In una lunga intervista concessa a DAZN il presidente Giuseppe Marotta ha tracciato il profilo del progetto societario, spiegando perché l’Inter non intende limitarsi al solo posizionamento tra le prime in campionato. Tra i temi affrontati ci sono la gestione dello spogliatoio, la fiducia nei tecnici emergenti e la volontà di alzare l’asticella a livello internazionale: l’obiettivo è chiaro, provare a vincere la Champions senza mai perdere di vista la crescita interna e la sostenibilità.
Nel racconto di Marotta emergono i concetti di coraggio e rischio calcolato, insieme alla necessità di trasmettere una cultura della vittoria ai giocatori più giovani. Nozioni come esperienza, continuità e supporto della proprietà ricorrono frequentemente: dall’apprezzamento per il lavoro svolto da chi già c’è in rosa alla spiegazione delle scelte su allenatori e figure tecniche come Chivu, fino alle valutazioni sul mercato e sui giovani simboli del club come Bastoni.
L’ambizione spiegata senza mezzi termini
Marotta non nasconde che esistono società che adottano obiettivi più prudenti, spesso dietro la scusa dell’importanza di qualificarsi per la Champions. Ma la posizione dell’Inter, sottolinea il presidente, è diversa: «bisogna avere il coraggio di puntare alla vittoria». Questa filosofia si traduce in investimenti mirati, in un mélange di esperienza e talento e nella scelta di mantenere uno scheletro di giocatori che rappresentano l’identità della squadra. L’ambizione non è arroganza, è una strategia: dichiarare di voler vincere significa porsi obiettivi più alti e costruire intorno ad essi.
La cultura del gruppo
Al centro del progetto rimane la cosiddetta cultura della vittoria, che Marotta identifica con la capacità dei leader in campo di trasmettere mentalità e disciplina. Nomi come Barella, Bastoni e Lautaro vengono indicati come elementi fondamentali per tenere alta la pressione e insegnare ai nuovi arrivati cosa significhi indossare la maglia nerazzurra. Il presidente insiste sul fatto che il valore di una rosa non si misura solo dai singoli fuoriclasse, ma dalla loro capacità di instaurare una mentalità condivisa.
Scelte tecniche: tra rischio e fiducia
Il capitolo sullo staff tecnico è centrale nella narrazione di Marotta. La nomina di Chivu è descritta come un esempio di rischio calcolato: non una scommessa cieca, ma il frutto di un’analisi che ha valutato il percorso da giocatore e la crescita come allenatore nelle giovanili e in prima squadra. La società avrebbe individuato nel suo profilo le caratteristiche adatte a guidare la squadra, a patto che fosse supportato con calma e fiducia. Il rinnovo contrattuale è visto come un atto di riconoscimento e continuità, necessario per consolidare il lavoro iniziato.

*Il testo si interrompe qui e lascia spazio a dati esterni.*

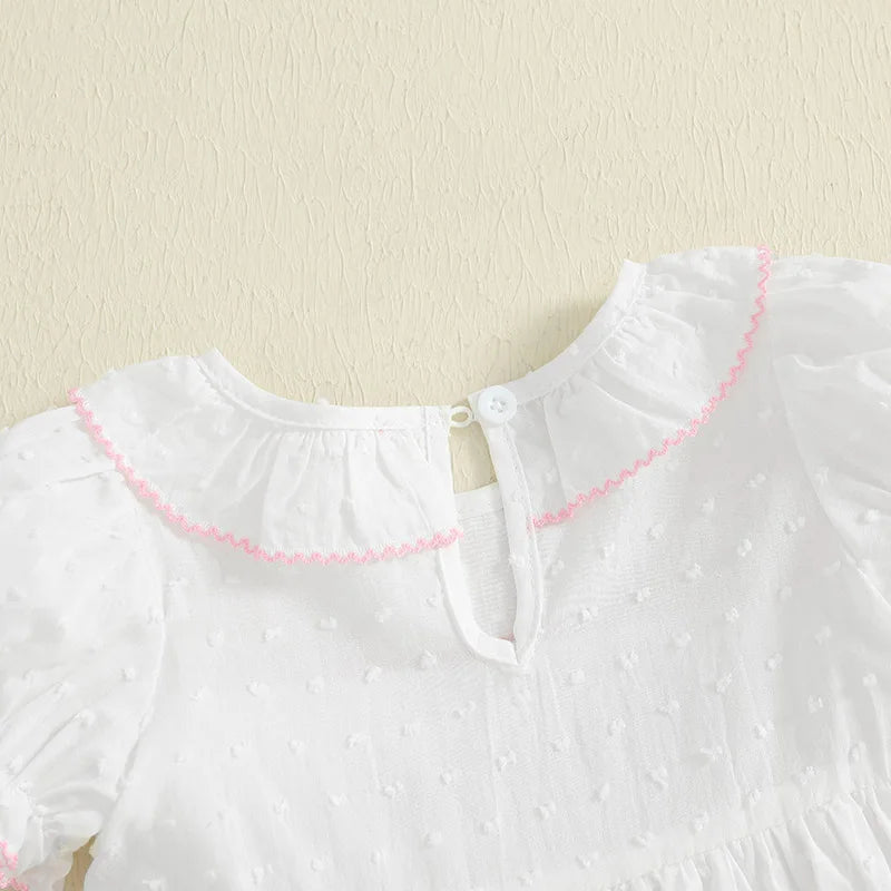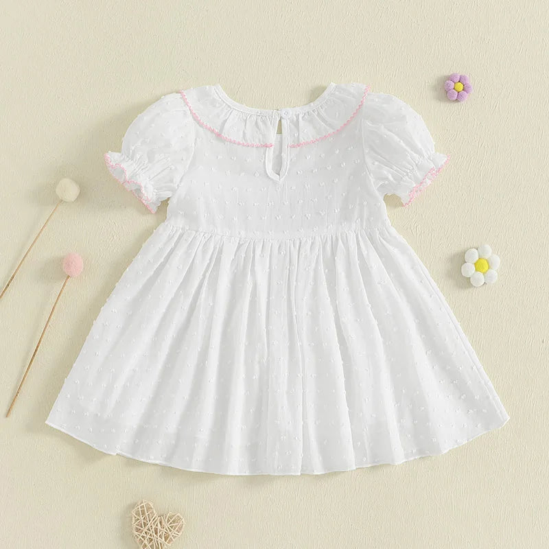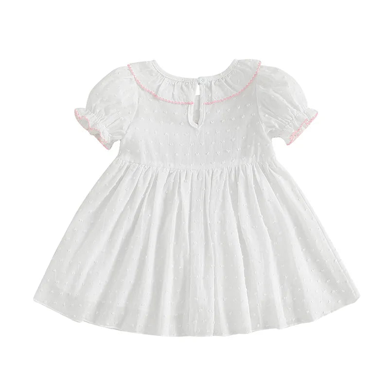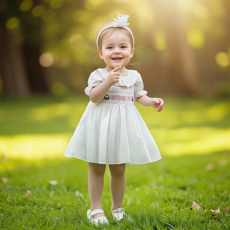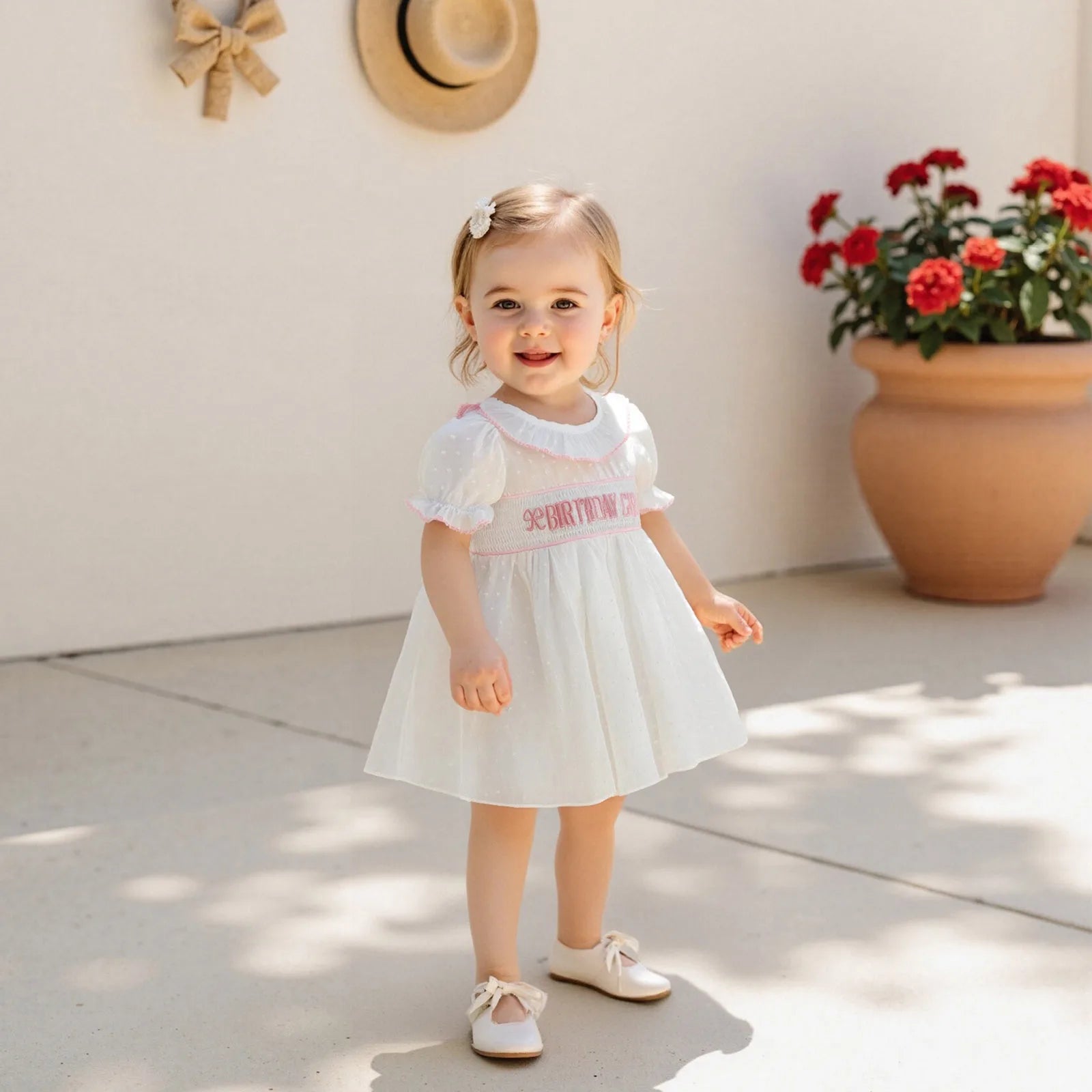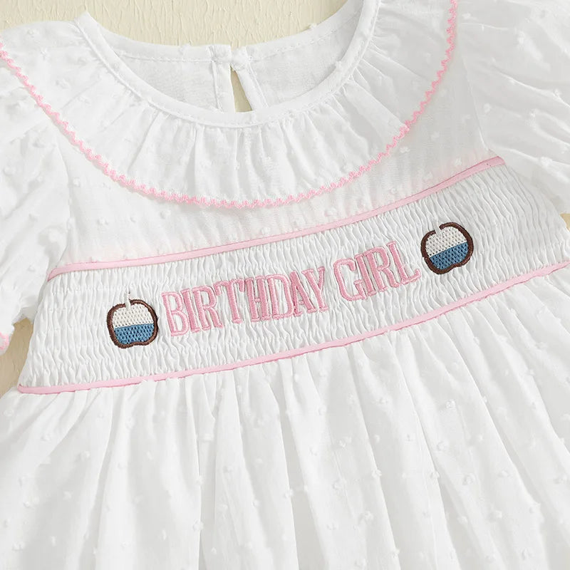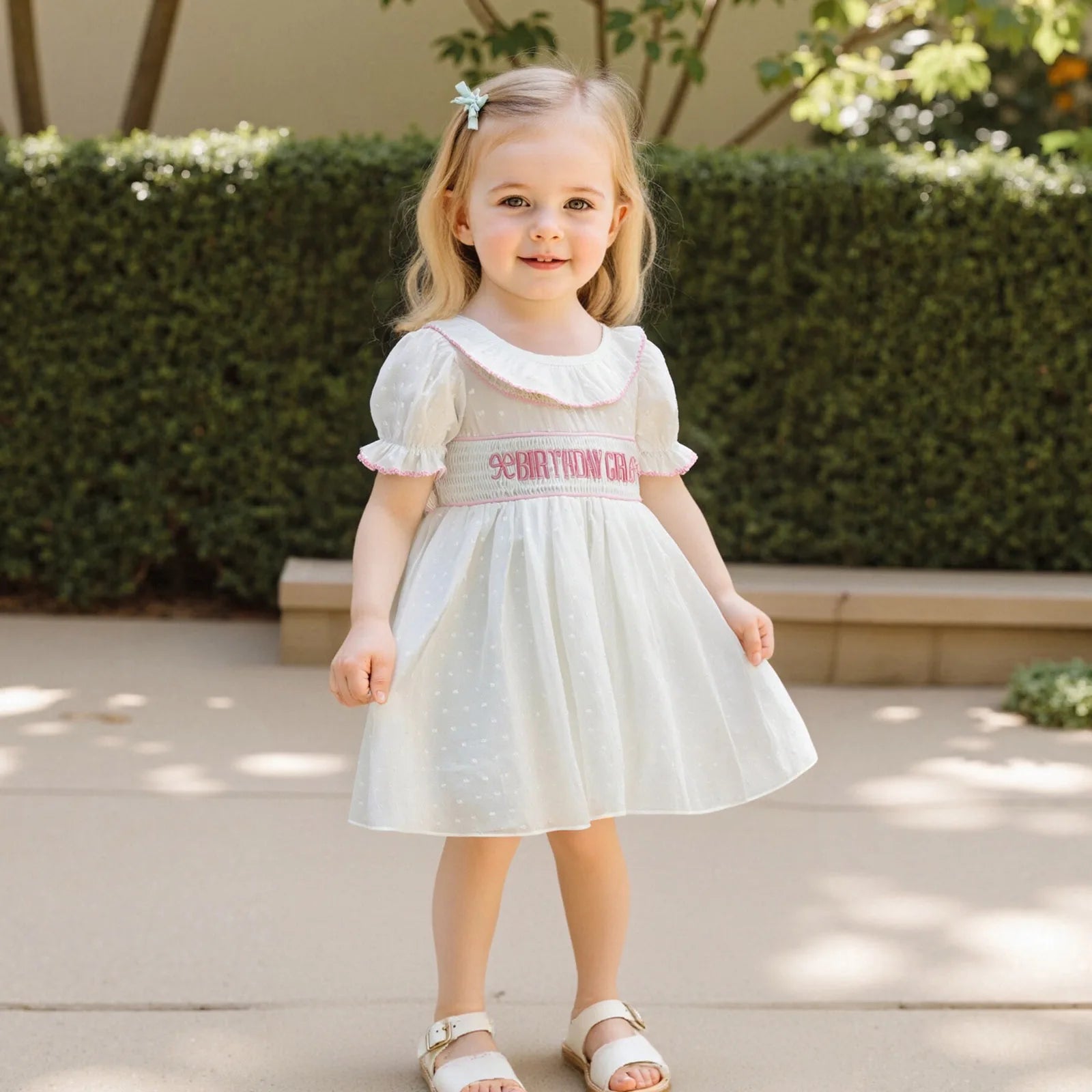 0-4Y Kids Girls Birthday Dress 2 Style Short Sleeve Cake Embroidery Smocked Dress Summer A-Line Dress

Gestione dei talenti e politica sul mercato
Sui temi di mercato Marotta è netto: la politica del club non è quella di vendere per necessità, ma di valorizzare chi esprime la volontà di restare. Il caso di Bastoni è citato come esempio: se non manifesta il desiderio di andar via, rimarrà un pilastro. Questa linea serve anche a tutelare il progetto sportivo e a dare certezze ai tifosi: i giovani devono essere accompagnati, non esposti a un mercato che spesso amplifica errori o gesti istintivi attraverso i media.
Il profilo del dirigente e il bilancio personale
Nel corso dell’intervista emergono anche riflessioni personali: Marotta parla del suo ruolo, della gestione delle critiche e dell’importanza di saper ricostruire nuovi sogni dopo i successi raggiunti. Il dirigente confessa che la stampa e il mondo digitale hanno amplificato fenomeni come l’invidia e i cosiddetti leoni da tastiera, ma afferma di aver costruito una corazza che gli permette di concentrarsi sul lavoro. Sul passato, il ricordo dell’esperienza alla Juventus viene raccontato con rispetto, spiegando come certe scelte di proprietà possano portare a scelte manageriali diverse e, talvolta, a separazioni indolori.
Chiude il quadro la riflessione sulla leadership: per Marotta il dirigente deve saper prendere decisioni, creare contesti e favorire la crescita dei giovani. Il rapporto con collaboratori e avversari viene letto attraverso la lente della fiducia e dell’esperienza maturata in anni di mercato. L’obiettivo rimane però essenziale e concreto: continuare a inseguire traguardi ambiziosi e, se possibile, portare a Milano il trofeo europeo che manca nella bacheca, con la stessa determinazione che ha guidato i recenti successi.